While it may be satisfying and cathartic to blame all our shipbuilding cost problems on fraud and corruption, the reality is that those are minor factors.  Overhead is a much larger factor and may well be the main culprit.  Of course, without an itemized breakdown of the production costs, I can’t say for sure.

Wednesday, December 14, 2022

Battleships - Naval Massing

One of the foundational principles of combat, throughout history, is local massing of firepower.  Let’s examine that principle through the historical lens of battleship operations.  If ever there was a ship that could successfully operate alone, it would be the battleship, one would think.  However, in WWII, battleships always operated in groups, when possible, in accordance with the principle of massing of firepower.  Thus, despite their individually impressive firepower and armor, naval commanders of the time understood that massing was the proper way to employ battleships.


For the US, earlier in the war, battleships sometimes operated as single units – though still as part of larger groups such as a carrier group – due to inadequate numbers.  Later in the war, as numbers became available, battleships operated in groups, as discrete battleship task forces.

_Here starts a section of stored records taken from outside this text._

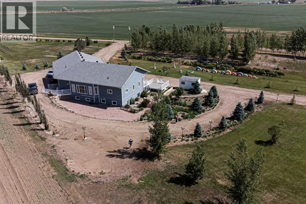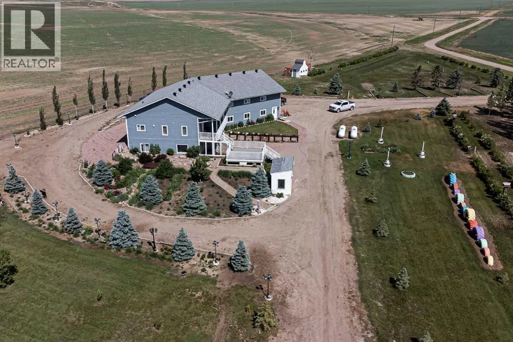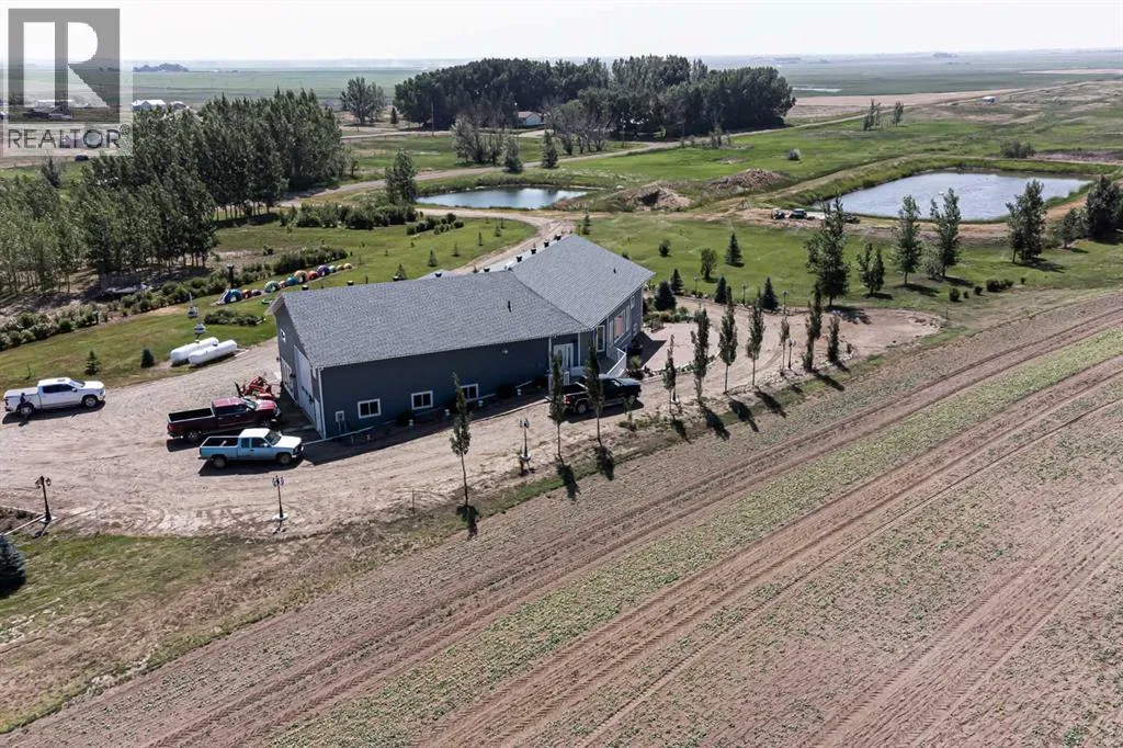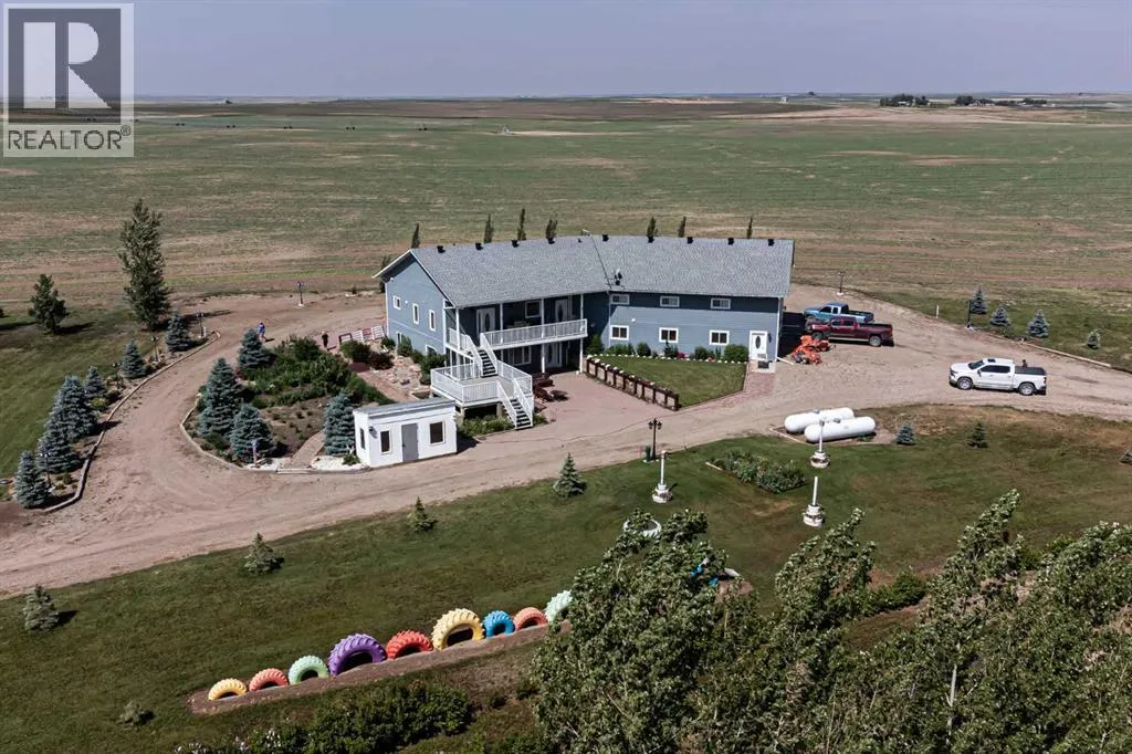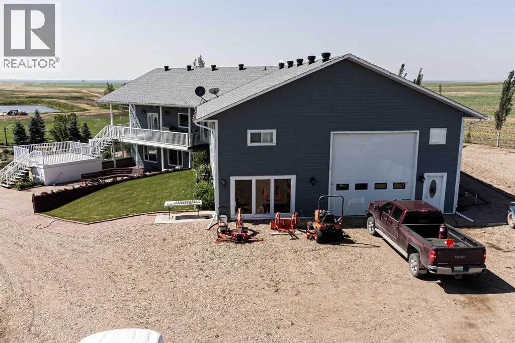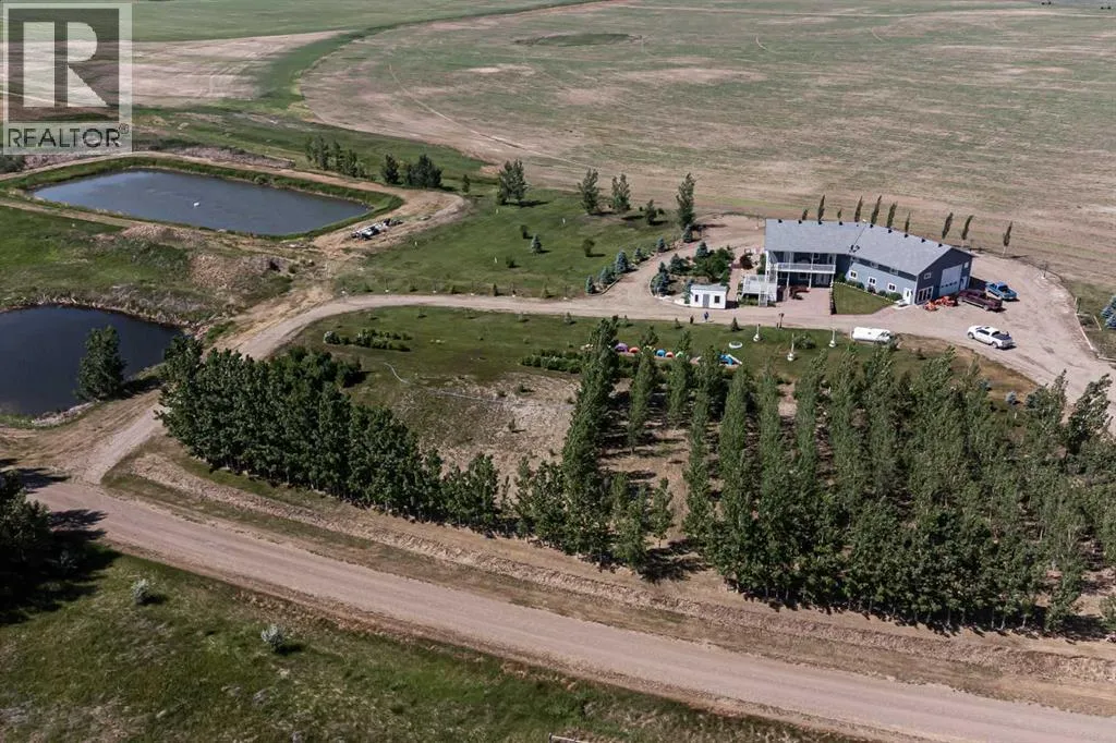 Country living with views as far as the eye can see, is what 11.61 Acre parcel of land can offer you and your family. This home is custom built and has storage and a place for absolutely everything. The egress in this home is outstanding. There are six entry/exits throughout the home. All doorways in the home are 36â wide making moving furniture a breeze. Whatâs really impressive is the main floor living and kitchen area with almost 14 foot vaulted ceilings, beautiful acacia hardwood floors, and a kitchen island that is 18 feet long and can sit 12 stools. The view from the living room is absolutely breathtaking. Not only does the kitchen have an impressive island, it also has been thought out very well with lots of electrical outlets, deeper cupboards, double stainless steel convection oven, touch control faucets, a sill granite sink with an instant hot water dispenser perfect for afternoon tea. The kitchen floor tile are 18â x 18â travertine floor which is stunning against the dark stained cabinets. The primary bedroom is right off of the kitchen area. The high ceilings host extra storage above the his and her closets. There is a built in surround system in the home. The ensuite also has tiled floors and a stacking laundry in the bathroom. The two windows in the en suite make it very bright. There is a tub/shower unit, low flush toilets, make-up counter and linen closet for extra storage. Up over the garage is an illegal suite with its own heating system. This is a perfect mother-in-law suite or just an extra bedroom. The suite does come finished with all appliances, including a washer and a dryer and has a Jacuzzi tub/shower. Thereâs also a large storage space beside the suite that could double as a library! There is a walkout basement in the home with several large windows, so it doesnât feel like a basement. The living space has a projector and screen as well as a stage area with built in speakers. The seller taught music lessons, and had her recitals here. (sta ge can be removed) Thereâs another good size bedroom in the basement and it is wired for TV/entertainment with a full bath not far away. The garage is absolutely massive 24â x 44â deep...a mechanics dream. Itâs fully equipped with a jib crane with a full bathroom. The plugs are endless. 3 x220 plugs and several 110 plugs with 20 amps so youâll never blow a breaker. There are 16 foot ceilings, so a lift easily could be installed. A full ventilation system, and the overhead garage door is 14â x 14â. Another special features is there are 3 fully functioning RV campsites. This acreage is located 15 Min. from Lomond where there is a school from k-12, grocery store, hardware store and restaurant. If youâre looking for peace and quiet, country living, look no further! (id:27476)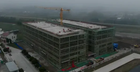 “我们项目总占地面积约为3万平方米,共设计3栋厂房。目前2号、3号厂房已经完成了封顶工作,总工程进度达到60%。现有工人约100人,主要进行两栋厂房的砌墙工作以及拆除部分钢筋,整体完工时间在2026年10月份。”项目负责人许涛介绍。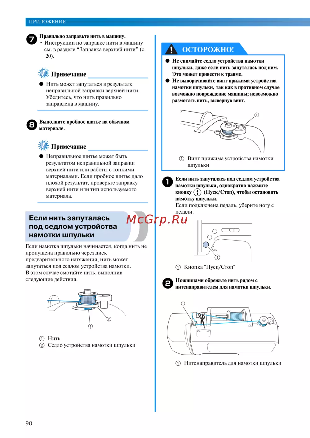 - Если нить запуталась под седлом устройства намотки шпульки p.92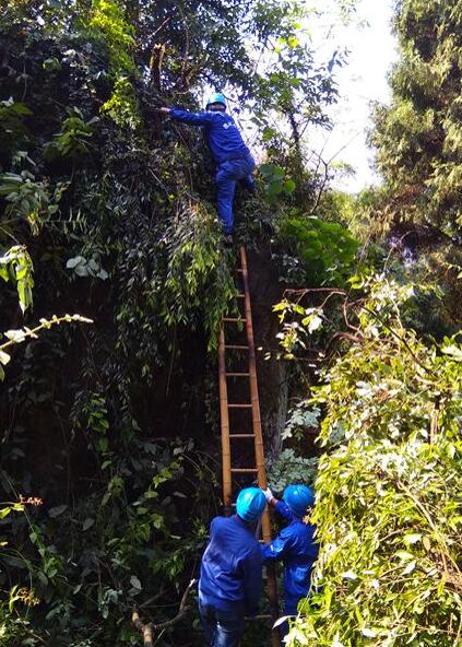 按照公司統(tǒng)一安排,松林供電所積極與高坪區(qū)老君、青蓮街道辦黨委、政府溝通協(xié)調(diào),得到了他們的大力支持和配合。從5月1日開始,供電所每天出動16名員工,全副武裝帶上專業(yè)排障工具,頭頂烈日,翻山越嶺、披荊斬棘地全力清排樹障。竹梯、鐮刀、彎刀、油鋸、砍刀......為了清除樹障,他們用上了各種工具。員工們臉上、手臂上、腿上,到處可見劃傷的痕跡,工作服濕了又干、干了又濕。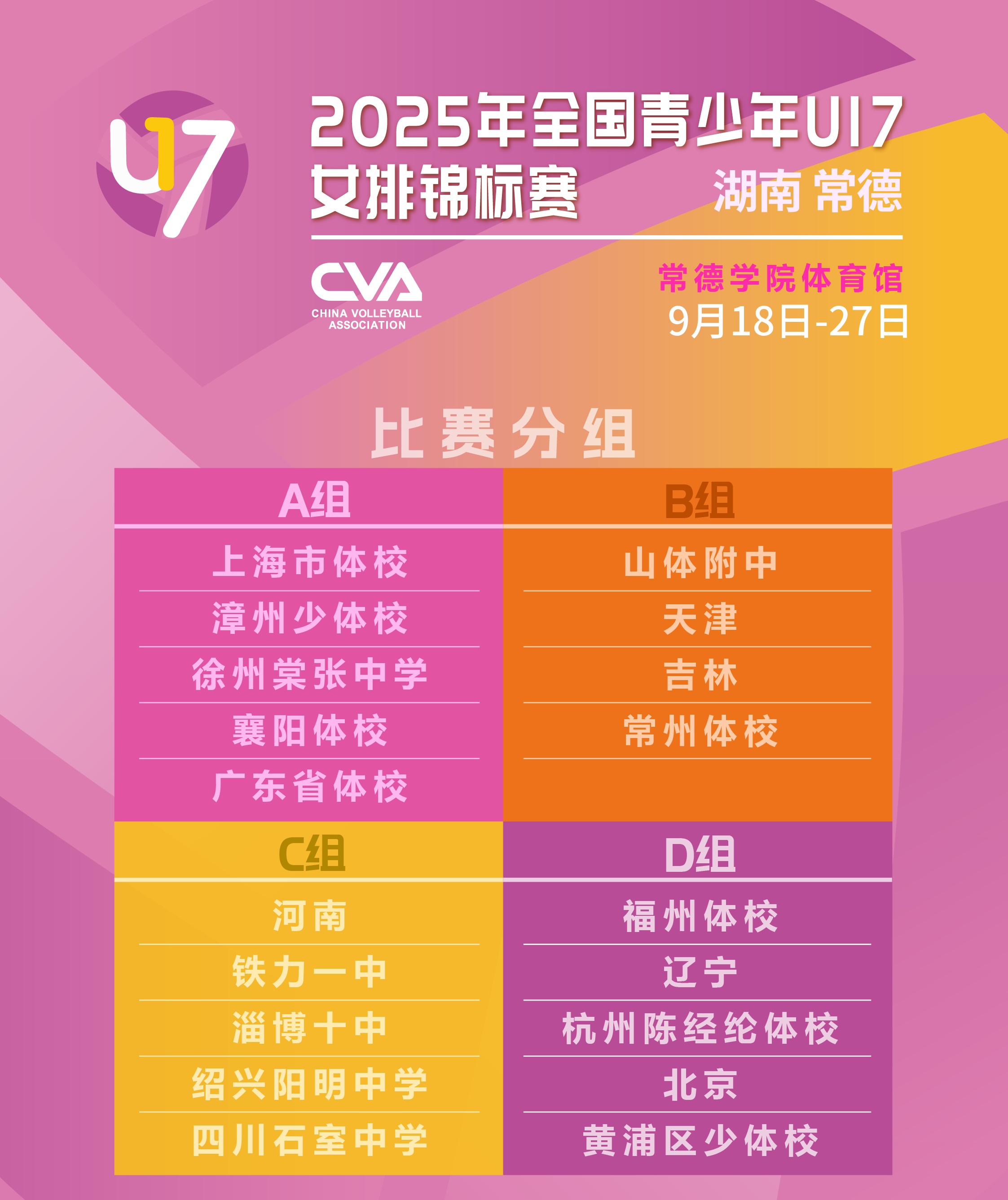 【U17全国女排锦标赛开战】 U17全国女排锦标赛拉开战幕! 比赛时间:9月18-9月27日 比赛地点:常德学院体育馆 观赛渠道:中国排协微博 参赛队伍及分组情况如下: A组:上海市体校、漳州少体校、徐州棠张中学、襄阳体校、广东省体校 B组:山体附中、天津、吉林、常州体校 C组:河南、铁力一中、淄博十中、绍兴阳明中学、四川石室中学 D组:福州体校、辽宁、杭州陈经纶体校、北京、黄浦区少体校

One of the earlier examples of US massing of battleship firepower was the pairing of the Washington and South Dakota to form Battleship Division 6 at Guadalcanal, culminating in the famous engagement and sinking of the Japanese battleship, Kirishima.


Oldendorf’s Task Force 77.2 consisted of the old battleships USS Pennsylvania, Mississippi, Tennessee, California, Maryland, and West Virginia at Leyte Gulf.


The never-formed Task Force 34 at Leyte Gulf would have consisted of the battleships Washington, Alabama, New Jersey, and Iowa along with escorting cruisers and destroyers.


Task Force 58/38 included the battleships Alabama, Indiana, Iowa, Massachusetts, Missouri, New Jersey, North Carolina, South Dakota, Tennessee, Washington, and Wisconsin although, of course, the individual ships rotated in and out of the Task Force as operational needs and availability dictated.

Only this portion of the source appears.